• **Given material**:
....................
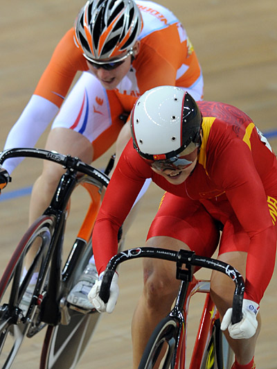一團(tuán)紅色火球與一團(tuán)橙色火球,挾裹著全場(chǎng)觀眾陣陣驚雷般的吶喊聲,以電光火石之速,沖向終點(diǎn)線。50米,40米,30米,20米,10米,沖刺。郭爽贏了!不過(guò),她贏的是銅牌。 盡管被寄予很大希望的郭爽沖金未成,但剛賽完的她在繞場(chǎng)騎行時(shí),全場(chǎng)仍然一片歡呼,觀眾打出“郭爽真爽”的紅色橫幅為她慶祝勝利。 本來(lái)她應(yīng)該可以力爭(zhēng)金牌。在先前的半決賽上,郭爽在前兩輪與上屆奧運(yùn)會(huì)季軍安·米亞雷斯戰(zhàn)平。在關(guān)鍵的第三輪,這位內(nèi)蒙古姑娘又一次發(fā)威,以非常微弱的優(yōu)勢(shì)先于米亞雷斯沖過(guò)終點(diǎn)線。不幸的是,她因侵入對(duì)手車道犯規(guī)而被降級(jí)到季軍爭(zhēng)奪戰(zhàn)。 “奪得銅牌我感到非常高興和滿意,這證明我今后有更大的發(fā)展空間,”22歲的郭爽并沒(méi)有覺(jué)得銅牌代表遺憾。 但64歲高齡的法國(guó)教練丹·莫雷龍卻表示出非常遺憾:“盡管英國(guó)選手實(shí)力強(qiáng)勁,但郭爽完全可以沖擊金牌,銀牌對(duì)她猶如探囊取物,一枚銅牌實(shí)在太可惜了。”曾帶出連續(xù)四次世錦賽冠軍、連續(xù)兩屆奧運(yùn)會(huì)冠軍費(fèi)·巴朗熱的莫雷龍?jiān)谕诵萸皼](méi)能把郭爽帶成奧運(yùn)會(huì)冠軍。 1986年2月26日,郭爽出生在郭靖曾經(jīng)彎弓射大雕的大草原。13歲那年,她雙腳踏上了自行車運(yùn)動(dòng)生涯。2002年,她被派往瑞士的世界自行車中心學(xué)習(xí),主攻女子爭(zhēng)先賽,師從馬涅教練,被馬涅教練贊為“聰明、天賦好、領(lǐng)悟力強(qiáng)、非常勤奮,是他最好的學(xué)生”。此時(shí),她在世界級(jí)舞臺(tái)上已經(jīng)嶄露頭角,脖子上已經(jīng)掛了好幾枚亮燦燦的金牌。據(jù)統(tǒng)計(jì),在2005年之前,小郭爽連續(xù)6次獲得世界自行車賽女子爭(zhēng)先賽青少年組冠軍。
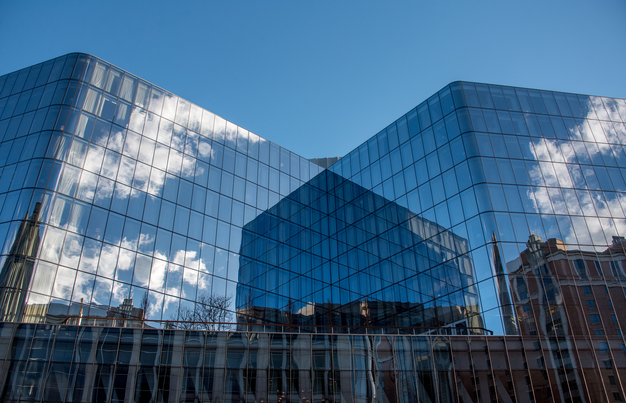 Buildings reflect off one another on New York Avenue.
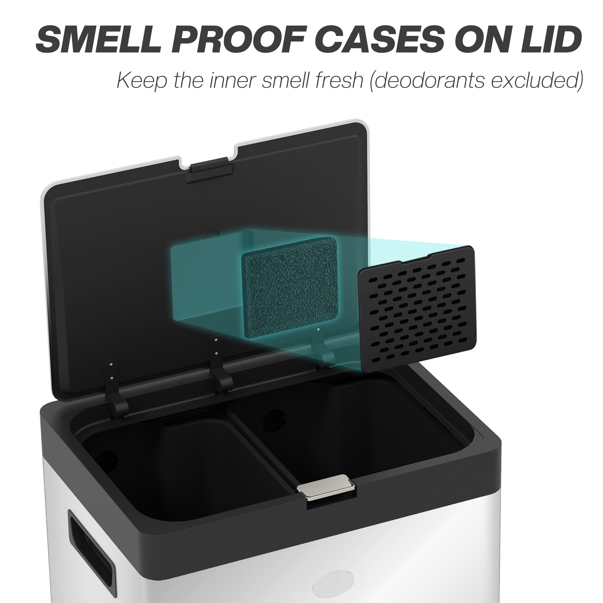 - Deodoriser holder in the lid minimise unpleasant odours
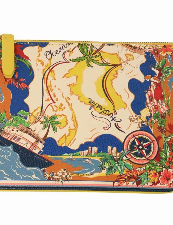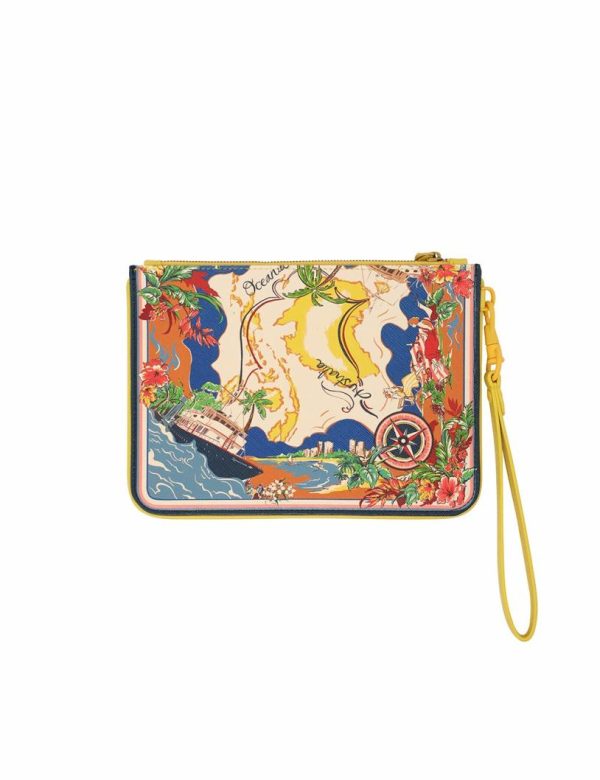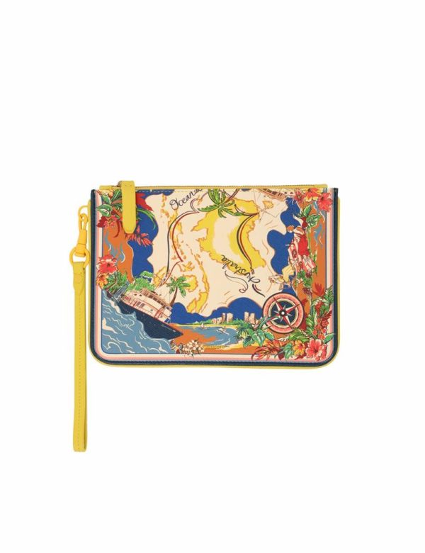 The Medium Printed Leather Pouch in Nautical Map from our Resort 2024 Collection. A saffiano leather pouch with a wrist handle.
....................
• **Try it**:
Line by line, give the material above again exactly, but without any pictures.

• **Exercise solution**:
一團(tuán)紅色火球與一團(tuán)橙色火球,挾裹著全場(chǎng)觀眾陣陣驚雷般的吶喊聲,以電光火石之速,沖向終點(diǎn)線。50米,40米,30米,20米,10米,沖刺。郭爽贏了!不過(guò),她贏的是銅牌。 盡管被寄予很大希望的郭爽沖金未成,但剛賽完的她在繞場(chǎng)騎行時(shí),全場(chǎng)仍然一片歡呼,觀眾打出“郭爽真爽”的紅色橫幅為她慶祝勝利。 本來(lái)她應(yīng)該可以力爭(zhēng)金牌。在先前的半決賽上,郭爽在前兩輪與上屆奧運(yùn)會(huì)季軍安·米亞雷斯戰(zhàn)平。在關(guān)鍵的第三輪,這位內(nèi)蒙古姑娘又一次發(fā)威,以非常微弱的優(yōu)勢(shì)先于米亞雷斯沖過(guò)終點(diǎn)線。不幸的是,她因侵入對(duì)手車道犯規(guī)而被降級(jí)到季軍爭(zhēng)奪戰(zhàn)。 “奪得銅牌我感到非常高興和滿意,這證明我今后有更大的發(fā)展空間,”22歲的郭爽并沒(méi)有覺(jué)得銅牌代表遺憾。 但64歲高齡的法國(guó)教練丹·莫雷龍卻表示出非常遺憾:“盡管英國(guó)選手實(shí)力強(qiáng)勁,但郭爽完全可以沖擊金牌,銀牌對(duì)她猶如探囊取物,一枚銅牌實(shí)在太可惜了。”曾帶出連續(xù)四次世錦賽冠軍、連續(xù)兩屆奧運(yùn)會(huì)冠軍費(fèi)·巴朗熱的莫雷龍?jiān)谕诵萸皼](méi)能把郭爽帶成奧運(yùn)會(huì)冠軍。 1986年2月26日,郭爽出生在郭靖曾經(jīng)彎弓射大雕的大草原。13歲那年,她雙腳踏上了自行車運(yùn)動(dòng)生涯。2002年,她被派往瑞士的世界自行車中心學(xué)習(xí),主攻女子爭(zhēng)先賽,師從馬涅教練,被馬涅教練贊為“聰明、天賦好、領(lǐng)悟力強(qiáng)、非常勤奮,是他最好的學(xué)生”。此時(shí),她在世界級(jí)舞臺(tái)上已經(jīng)嶄露頭角,脖子上已經(jīng)掛了好幾枚亮燦燦的金牌。據(jù)統(tǒng)計(jì),在2005年之前,小郭爽連續(xù)6次獲得世界自行車賽女子爭(zhēng)先賽青少年組冠軍。
 Buildings reflect off one another on New York Avenue.
 - Deodoriser holder in the lid minimise unpleasant odours
 The Medium Printed Leather Pouch in Nautical Map from our Resort 2024 Collection. A saffiano leather pouch with a wrist handle.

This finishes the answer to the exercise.